This piece comes from a contributor that wishes to remain anonymous. If, from context, you know who the writer is, please respect their desire to remain anonymous as this is a sensitive issue and privacy is extremely important.

Wheaton College can be a difficult institution to productively thrive in. Academic pressures are high, judgment seems to be hurtling at us from every direction with regards to our grades, spirituality, sexuality, physical and emotional fitness—it is by no means unusual to be overwhelmed. But this is not a unique experience. College is stressful. Heck, life is stressful. The perception that the Wheaton bubble is elitist and repressive is, in my opinion, an accurate depiction, but I think it is important to critically interrogate other institutions for perspective. Having experienced overwhelmingly stressful ordeals with the military as an ROTC student this semester, perhaps my story will provide some perspective.

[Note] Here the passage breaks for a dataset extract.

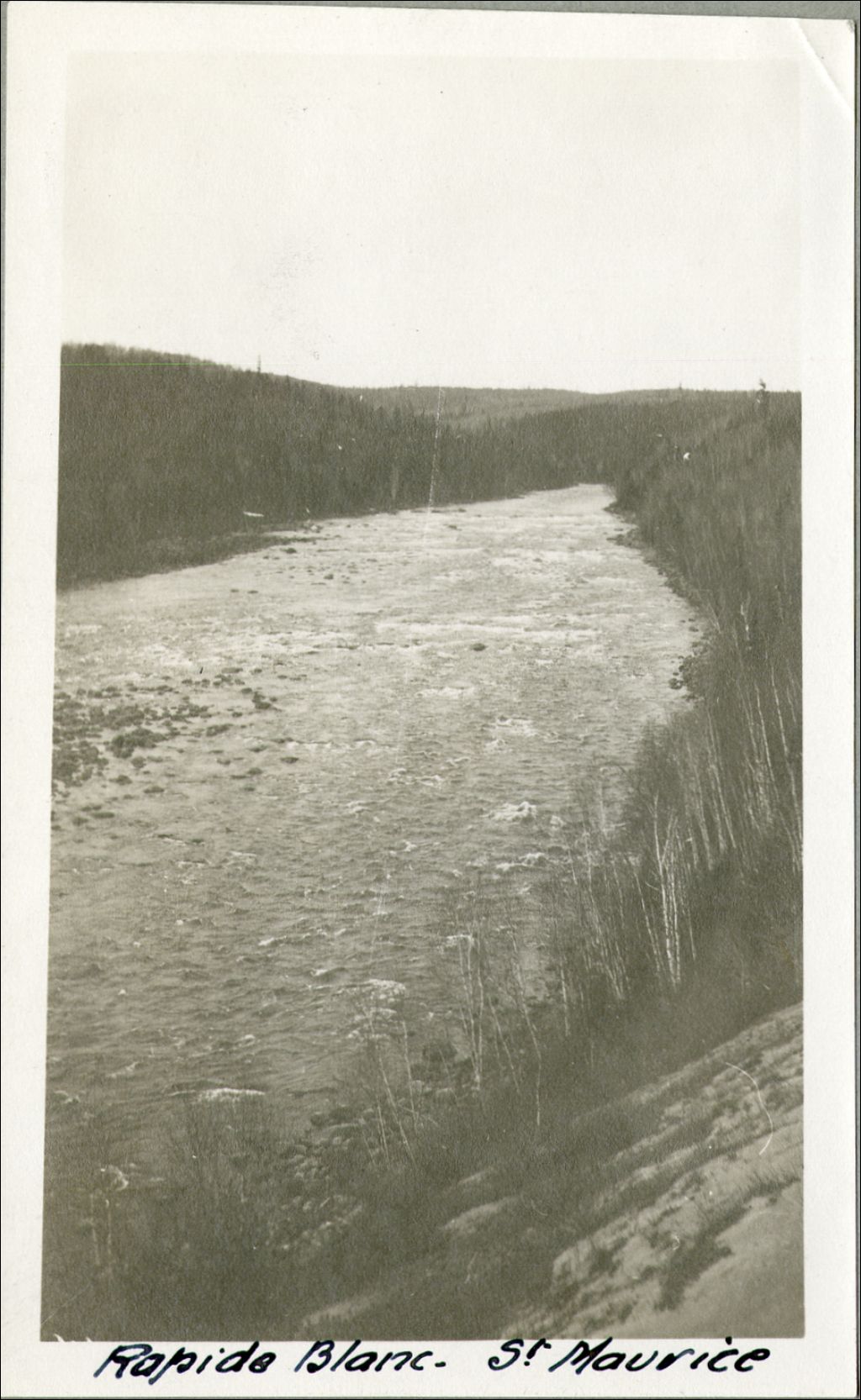 Rivière Saint-Maurice - Du rapide Allard à La Tuque - Rapide Blanc, [Vers 1920], Archives nationales à Québec, Fonds Ministère de l'Environnement et de la Lutte contre les changements climatiques, (03Q,E57,S44,SS1,D76,PZ54), Photographe non identifié.

Over the past several years, I have endured the slow and grueling process of coming to terms with a history of abuse in my family. The month during which I finally was able to put the word abuse to the situation I was experiencing was the most excruciating month of my life. Leading up to going home for Christmas break, and during Christmas break, I experienced severe depression and anxiety attacks. For several years, I had considered seeking medical treatment for my depression, but it took this lowest of lows to push me over the edge.

Seeking out medication was more complicated than it would be for the average Wheaton student. Granted, I have insurance, the support of my parents in seeking treatment, and the self-awareness to be confident that this was something I wanted to pursue – but I, unlike the average student, was afraid of being prevented from commissioning with the military and losing my full tuition scholarship. This would inevitably lead to the forced outing of both my depression, and potentially my family problems, to all of my friends and family, who would want to know why I was no longer contracted.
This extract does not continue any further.